The SCP’s work on a draft SPLT text initially focused on harmonizing certain operational concepts relating to the examination of patent applications. Over the next couple of years the proposed contents of the text were progressively broadened. In the course of that process, some provisions, regarding, for example, patentable subject matter or the exceptions to patentability, raised concerns that flexibilities in national policies, recognized under current international treaties, could be eroded. Delegations also differed over proposals to include requirements to disclose in patent applications the origin of any genetic resources and traditional knowledge on which an inventions is based.

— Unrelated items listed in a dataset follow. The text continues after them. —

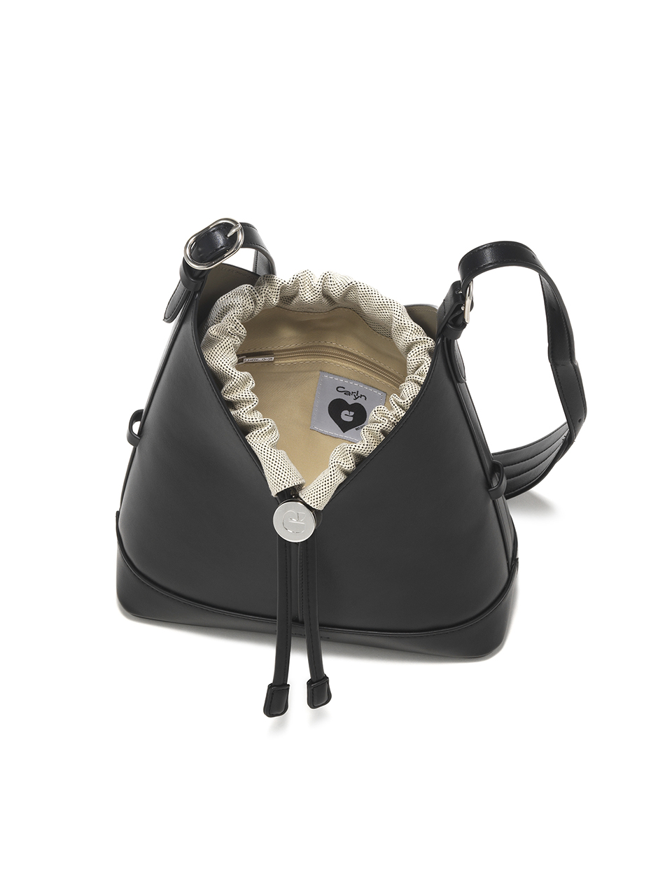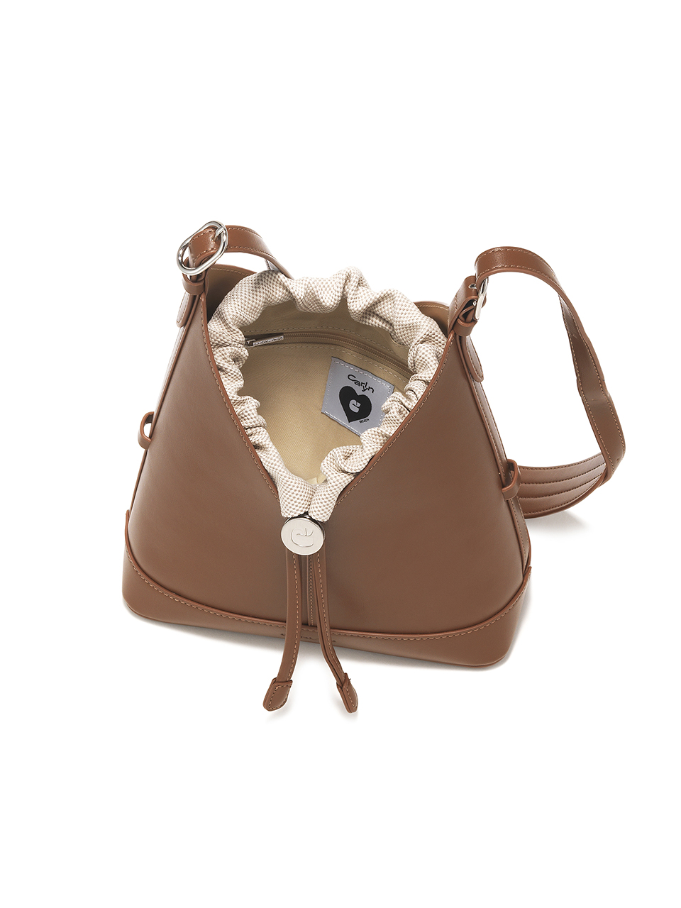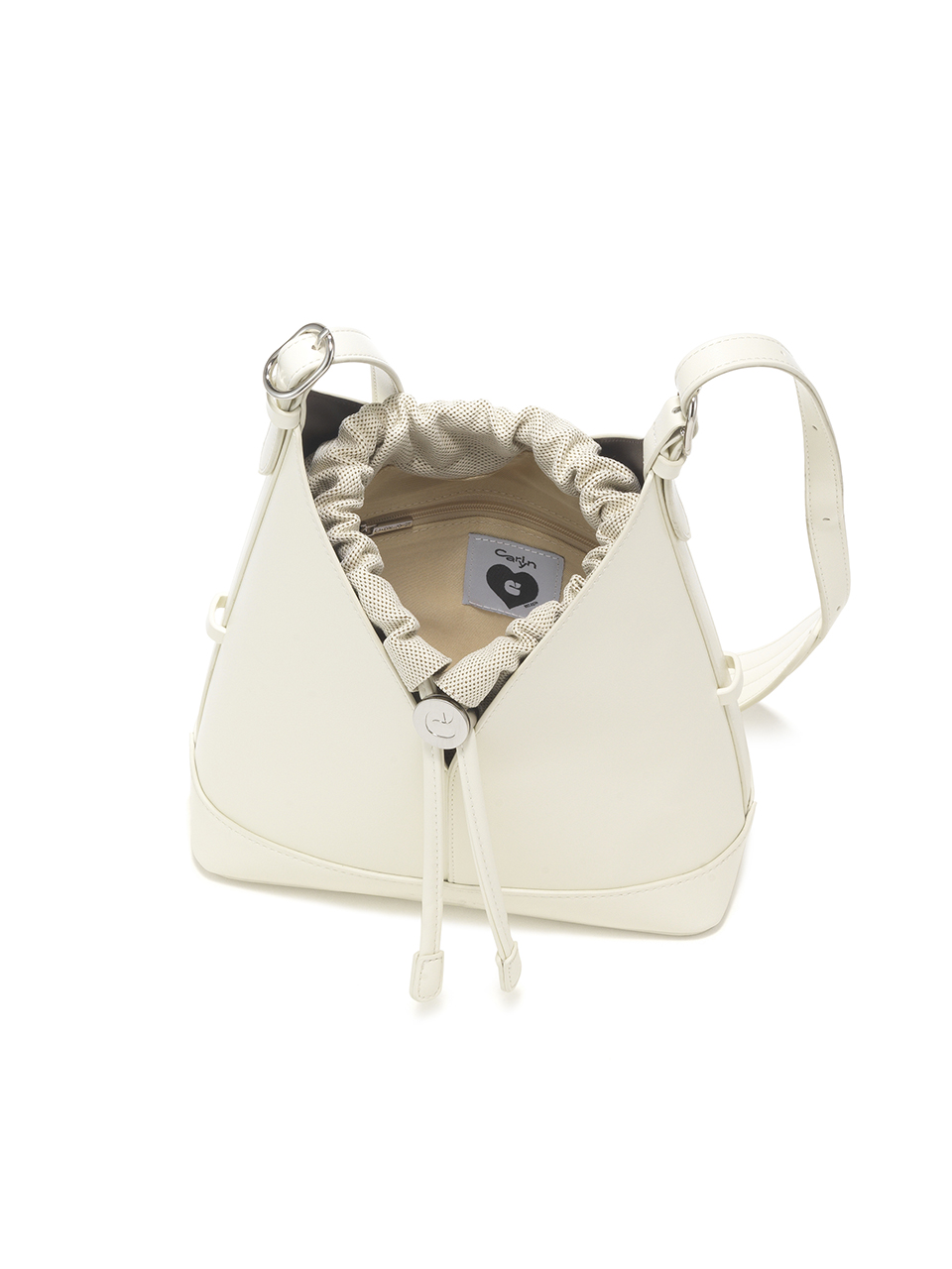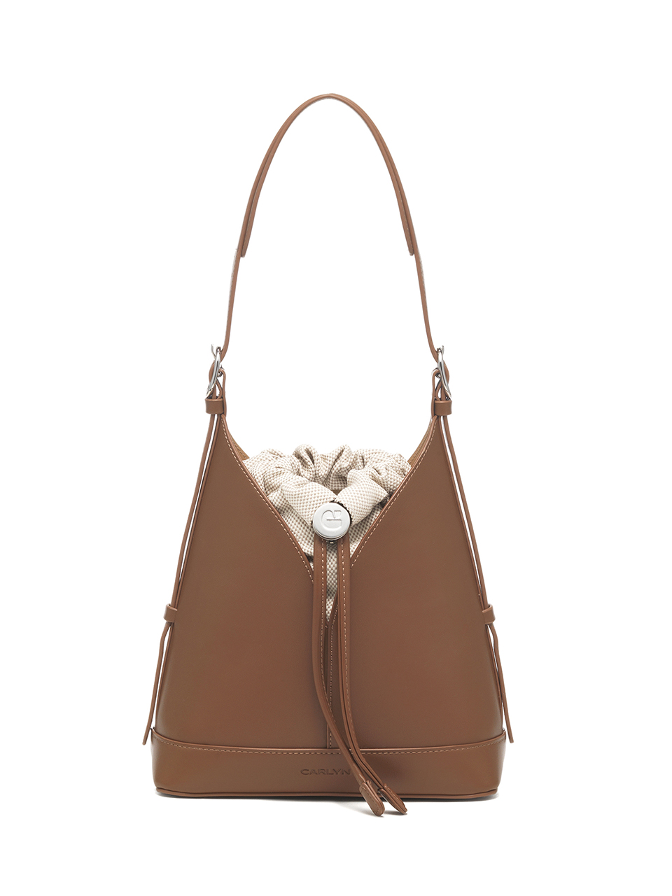 · A V-cut bucket bag that blends minimalist design with everyday functionality
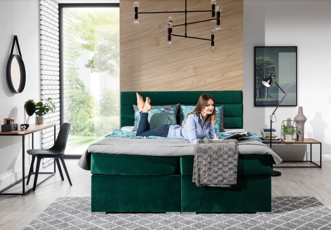 Postel boxspring Softy s úložným prostorem na první pohled zaujme elegantním designem. Lůžko disponuje několika vkusnými doplňky jako je prošívané čelo či kovové nožky. Pro dosažení optimálního pohodlí byla použita 25 cm vysoká oboustranná pružinová matrace typu bonnel, která je vybavena z každé strany vrstvou PUR pěny T2542+pružina. Tvrdost matrace H3 má hypoalergenní potah na zip. Pro lepší pohodlí je vrchní část postele doplněna o podložku z pěny. Postel má dva úložné prostory na lůžkoviny. Boxspring zajišťuje dokonalou cirkulaci vzduchu a odvádí tak většinu vlhkosti mimo lůžko. Potahová látka jako na hlavní fotografii - tmavě zelená látka. Maximální nosnost jedné postele 110 kg. Zboží dodáváme v demontu.
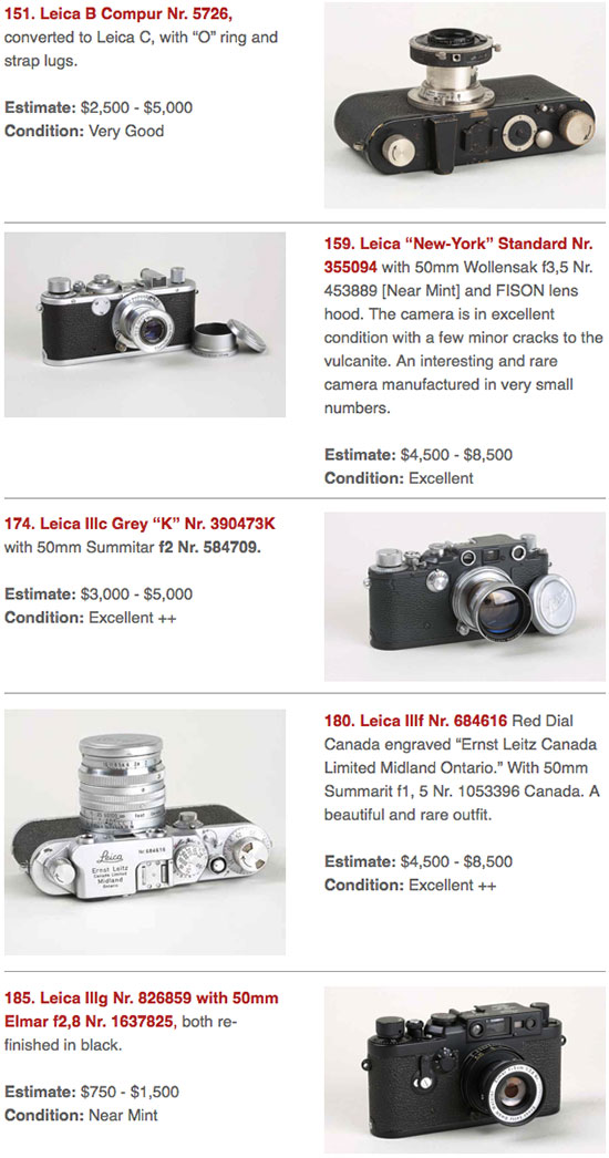 Another Tamarkin Rare Camera Auction will take place this Sunday, December 8th at 10:00 am EST. Here are some of the Leica camera highlights (the full catalog can be downloaded here):
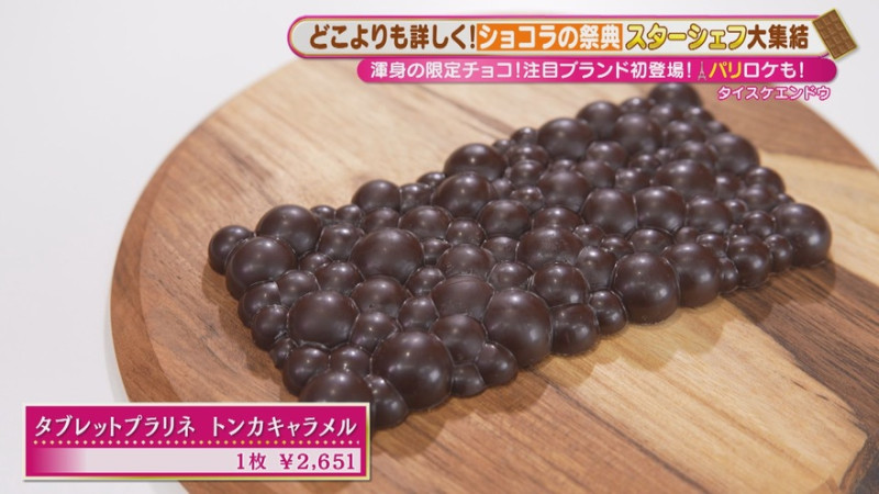 一躍有名にしたのが、通称“ポコタブ”と呼ばれるタブレット状のショコラ「タブレットプラリネ トンカキャラメル」(1枚 2,651円)。キャラメルを流す量がバラバラなため、食べる場所によって変わる食感がたまりません。フランスでは香水に使われるほど香りの良い“トンカ豆”を使うのも遠藤シェフならでは!
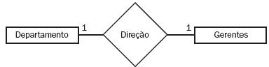 No exemplo mostrado na Figura 1 podemos entender melhor este tipo de relacionamento, onde estaremos definindo que um Gerente (e somente um) gerencia um (e somente um) Departamento. Ou seja, o mesmo Gerente não pode gerenciar mais de um Departamento e um Departamento não poderá ser gerenciado por mais de um Gerente.
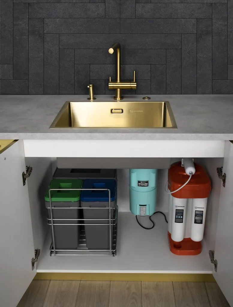 Главным преимуществом коллекции Nagare Slim является компактность корпуса, в связи с чем полезное пространство под мойку увеличится.
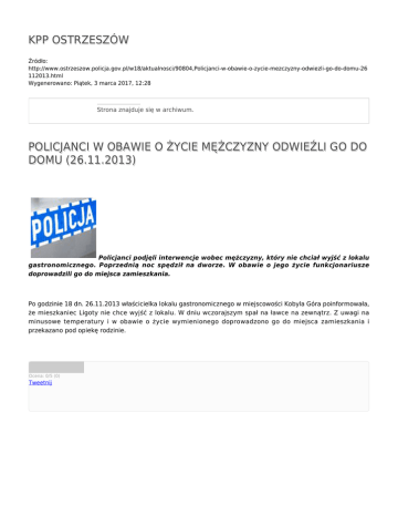 KPP OSTRZESZÓW Źródło: http://www.ostrzeszow.policja.gov.pl/w18/aktualnosci/90804,Policjanci-w-obawie-o-zycie-mezczyzny-odwiezli-go-do-domu-26 112013.html Wygenerowano: Piątek, 3 marca 2017, 12:28 Strona znajduje się w archiwum. POLICJANCI W OBAWIE O ŻYCIE MĘŻCZYZNY ODWIEŹLI GO DO DOMU (26.11.2013) Policjanci podjęli interwencje wobec mężczyzny, który nie chciał wyjść z lokalu gastronomicznego. Poprzednią noc spędził na dworze. W obawie o jego życie funkcjonariusze doprowadzili go do miejsca zamieszkania. Po godzinie 18 dn. 26.11.2013 właścicielka lokalu gastronomicznego w miejscowości Kobyla Góra poinformowała, że mieszkaniec Ligoty nie chce wyjść z lokalu. W dniu wczorajszym spał na ławce na zewnątrz. Z uwagi na minusowe temperatury i w obawie o życie wymienionego doprowadzono go do miejsca zamieszkania i przekazano pod opiekę rodzinie. Ocena: 0/5 (0) Tweetnij
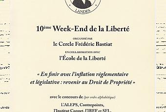 Du 20 septembre 2019 à midi jusqu'au 22 septembre 2019 à midi a eu lieu, à Saint-Paul-lès-Dax, dans les Landes, le 10e Week-End de la Liberté, organisé par le Cercle Frédéric Bastiat, en collaboration avec l'École de la Liberté et avec le concours de:
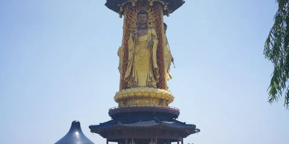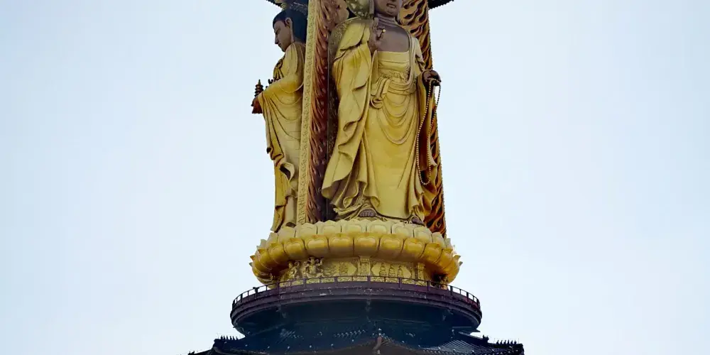 這是一座樓閣式佛塔,塔高81米,塔身為佛像,整座塔金碧輝煌,非常壯觀。
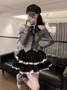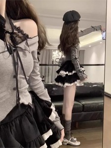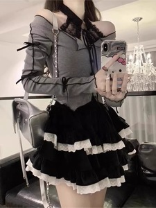 甜辣风蕾丝挂脖T恤女秋季芭蕾黑色灯芯绒短裙上衣蓬蓬蛋糕裙套装
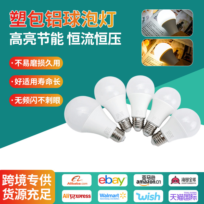 Lampu Sekrup LED Lintas Batas Tas Plastik Lampu Bohlam Bola E27 Aluminium Super Terang Lampu Rumah Tangga Lampu Hemat Energi Grosir
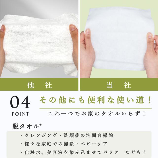 使用例:クレンジング、洗顔後の拭き取り、汗の拭き取り、ベビーケア、掃除、ネイルオフ、防災用。
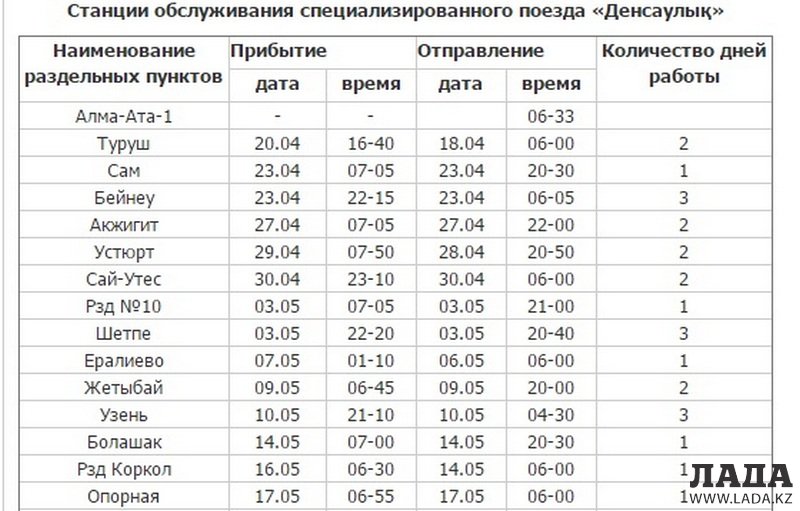 Прибытие на станцию «Туруш» запланировано на 16:40 в четверг, 20 апреля.
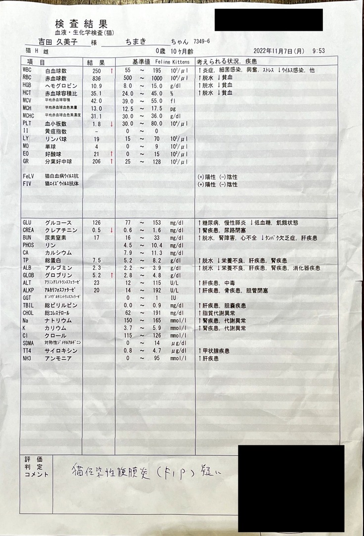 検査結果と症状を見て主治医の診断はほぼFIP確定とのことでした。
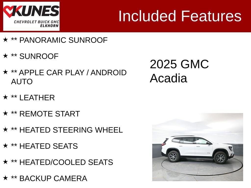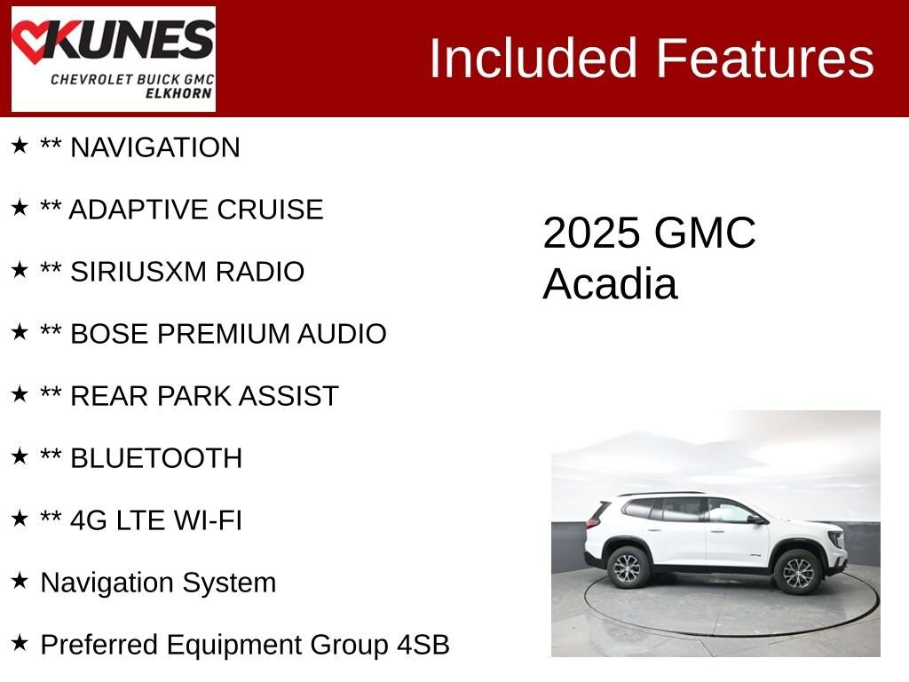 2025 GMC Acadia AT4 2.5L DOHC 8-Speed Automatic AWD Clean CARFAX. CARFAX One-Owner. Odometer is 5515 miles below market average!
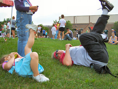 Before the race: The girls get balloons....and practice running....Erin and Grandma Kathy
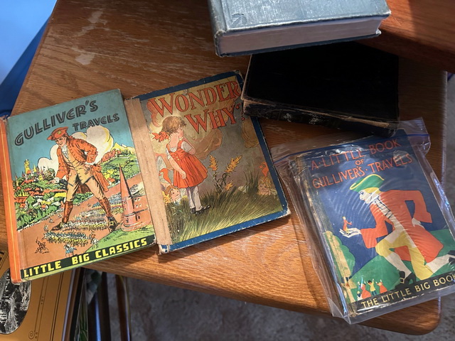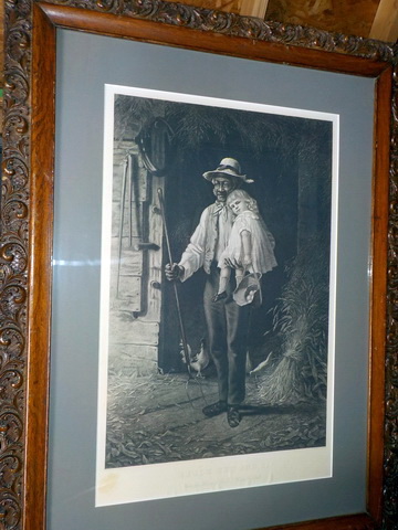 Sambo books - & vintage prints…..Nice antique oak curved glass

Attempts to move the discussions forward included proposals in 2004 from members of the so-called trilateral cooperation (Japan, the United States of America and the European Patent Office); a WIPO-led consultation meeting with delegations from 20 Member States and regional offices in Casablanca in February 2005; and proposals submitted by the "Friends of Development." But delegations were by now divided, broadly speaking, into two camps: those pressing to fast-track a limited number of technical issues; and those advocating an inclusive approach.

Limiting the scope

Delegations in the former camp held that it was necessary to harmonize patent examination standards among WIPO Members in order to improve patent quality, simplify procedures, reduce costs for users, and reduce duplication of work by patent offices. This was in the common interest of both developed and developing countries. To this end, they urged approval of a limited workplan for the SCP, in which the scope of the SPLT discussions would be confined to the definition of:

* prior art,

* grace period,

* novelty, and

* inventive step.

Agreement on these issues, the delegations reasoned, would...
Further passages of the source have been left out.